§ DATA LISTING
++++++++

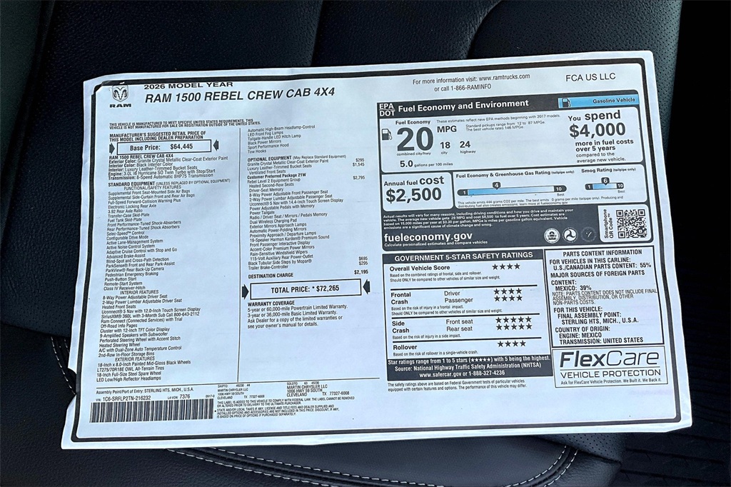Granite Crystal Metallic Clearcoat 2026 Ram 1500 Rebel 4WD 8-Speed Automatic 3.0L I6 Prices do not include Tax, Title, License and Documentary Fee. Price does include: $3500 - 2026 National Retail Consumer Cash . Exp. 01/05/2026
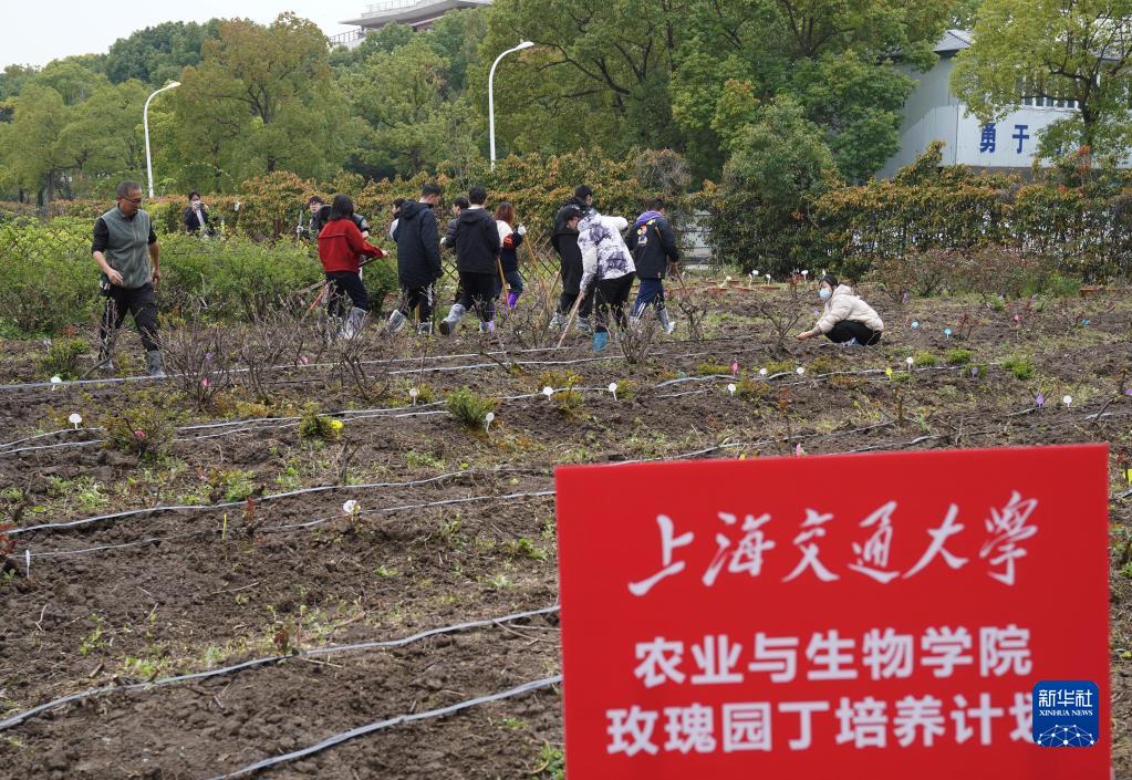 3月18日,上海交通大學(xué)的學(xué)生在老師的指導下學(xué)習玫瑰栽培養護。
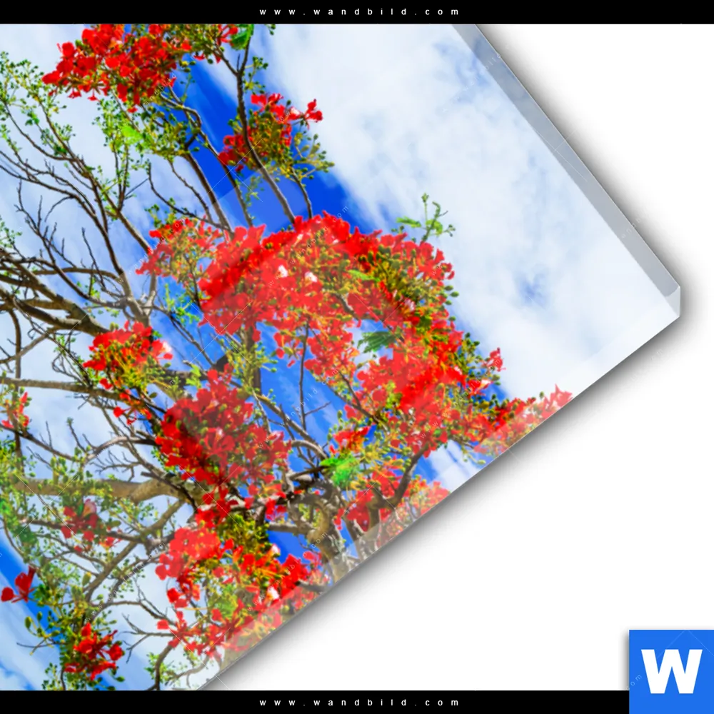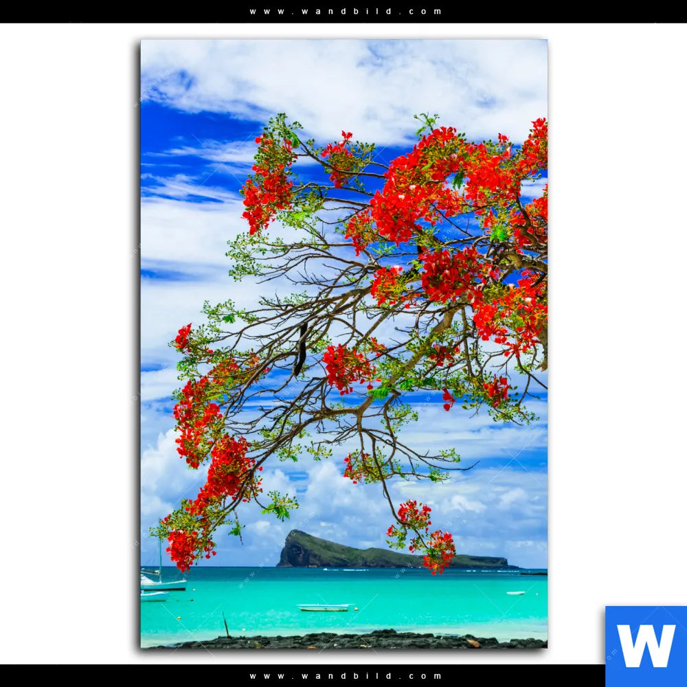 Acrylglasbild | Rote Blüten und Türkisfarbenes Meer | Hochformat
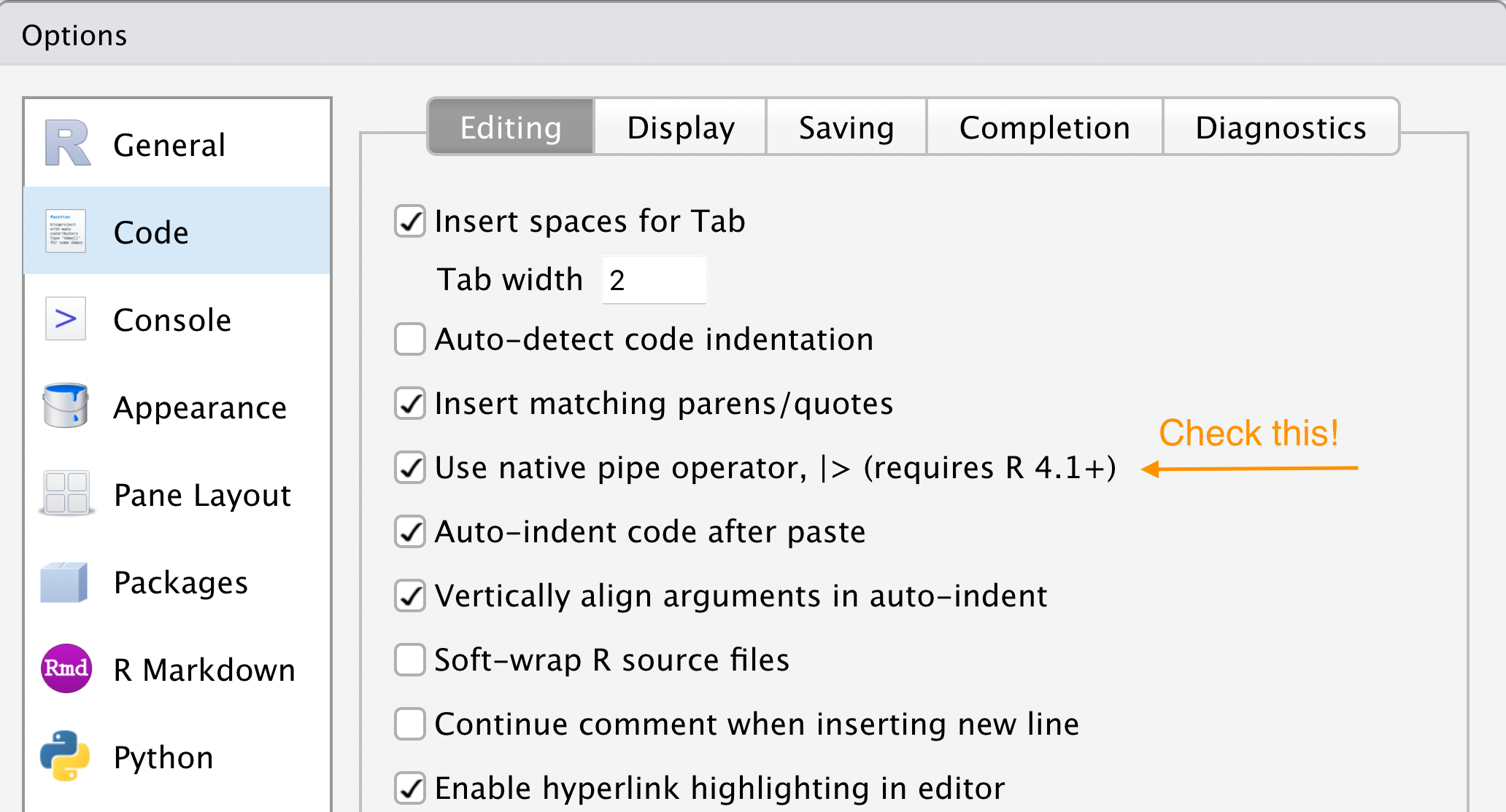 Tools > Global Options > Code
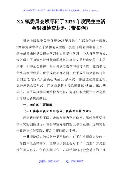 / XX镇委员会领导班子2025年度民主生活会对照检查材料(带案例)
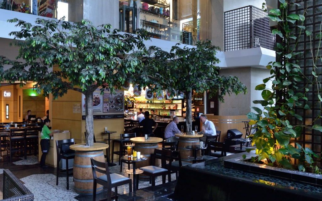 The front section of the restaurant is an open area facing onto the ground floor lobby of the GTower office building. The 12 metre long fruit juice bar is a signature feature of the restaurant.
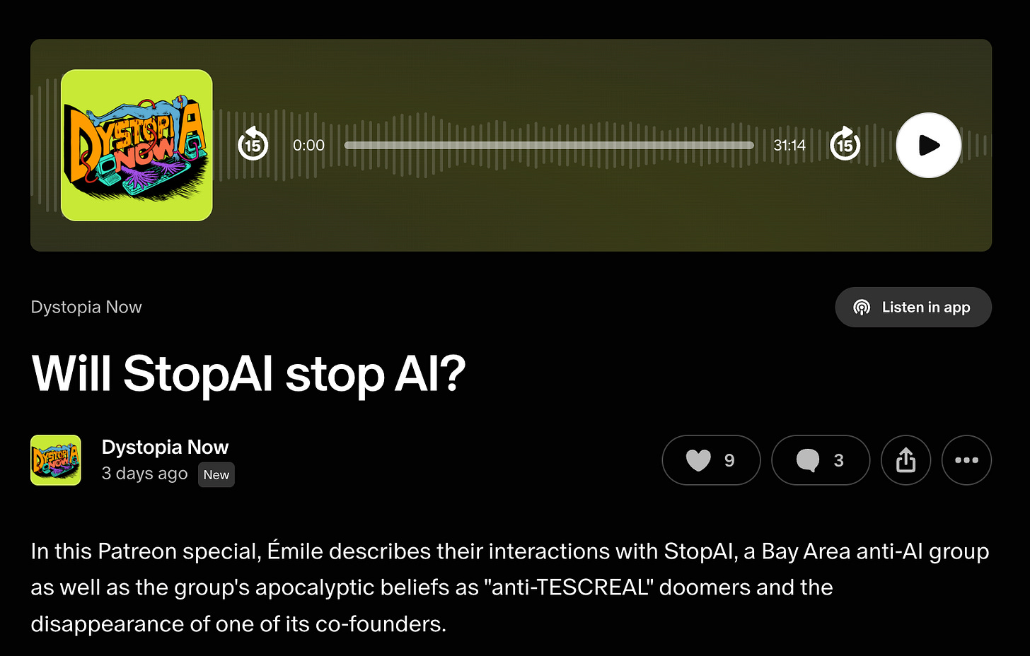 We also recorded a subscription-only episode on Stop AI, after one of it’s members defected and appeared to threaten violence against AI companies. This happened last November, and immediately afterwards, the individual in question disappeared. He is still missing as of this writing.
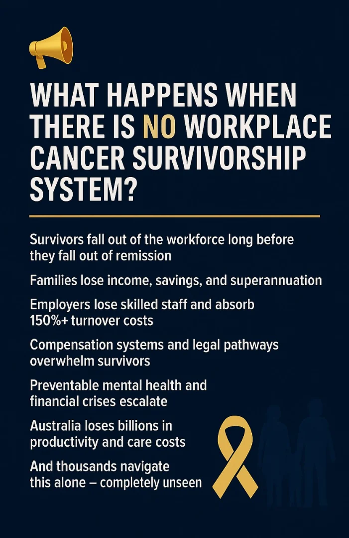 Survivors face quiet discrimination, stalled careers, job loss, little accommodation, and severe financial toxicity. Up to 90 % want to return to work – many can’t. - Australia has no visibility
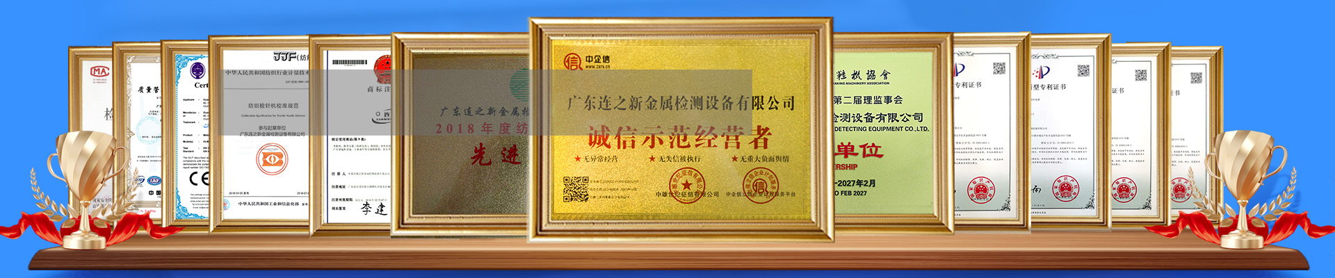 廣東連之新金屬檢測設備有限公司成立于2006年,是一家長期致力于金屬探測技術領域金屬探測儀器設備等專業研發、生產、銷售的科技型企業。擁有自主品牌:連新牌(商標注冊號5999209)及多項發明專利,擁有CE等多種產品類證書,是國家紡織檢針機校準規范JJF(紡織)080-2018起草單位。
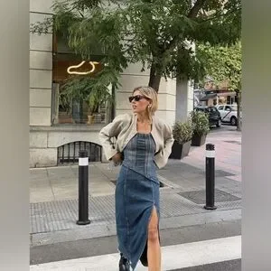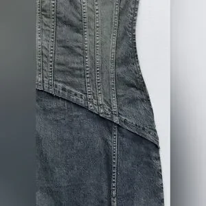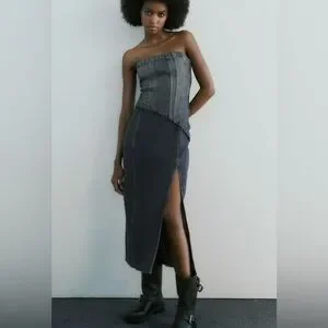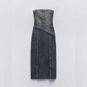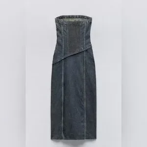 Zara TRF STRAPLESS DENIM MIDI DRESS. Navy Blue. Size XS. New with Tags.
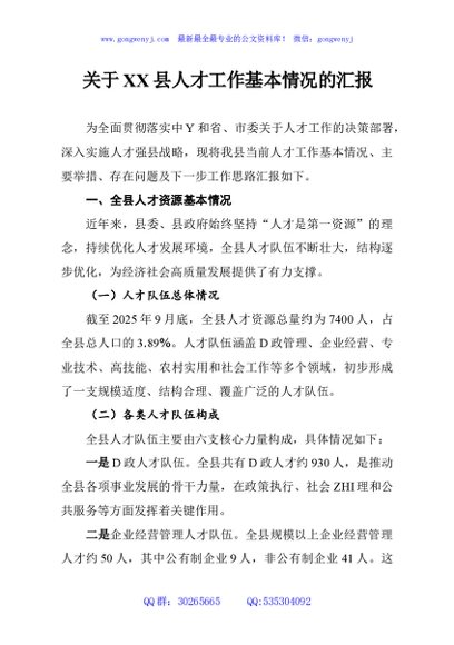 未生成预览图,长按二维码添加 关于XX县人才工作基本情况的汇报 - 公文研究
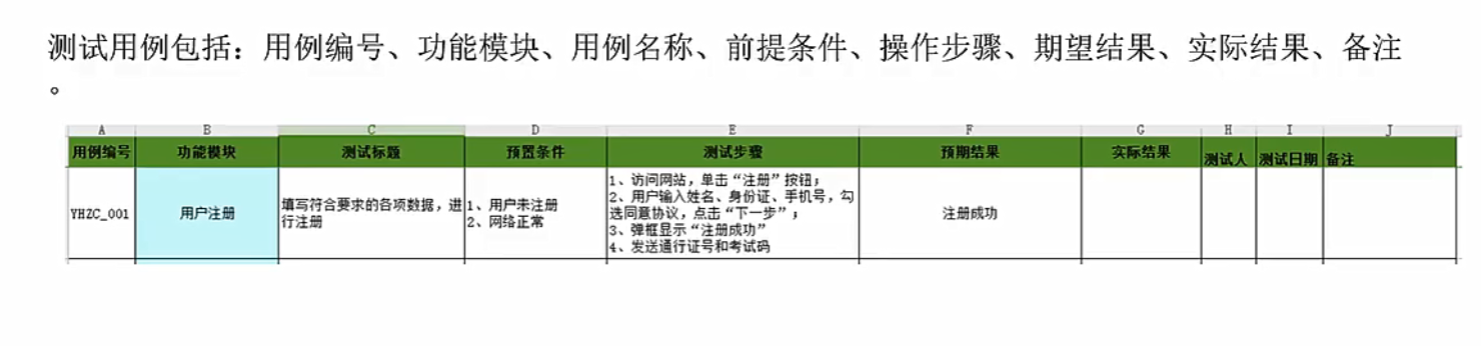 测试用例包括:用例编号,功能模块,用例名称,前提条件,操作步骤,期望结果,实际结果,备注。

++++++++

§ THE PROBLEM
Leaving pictures out, output the lines of the data above from the one with "Tools > Global Options > Code" through the one with "The front section", word for word.

§ WRITTEN SOLUTION
 Tools > Global Options > Code
 / XX镇委员会领导班子2025年度民主生活会对照检查材料(带案例)
 The front section of the restaurant is an open area facing onto the ground floor lobby of the GTower office building. The 12 metre long fruit juice bar is a signature feature of the restaurant.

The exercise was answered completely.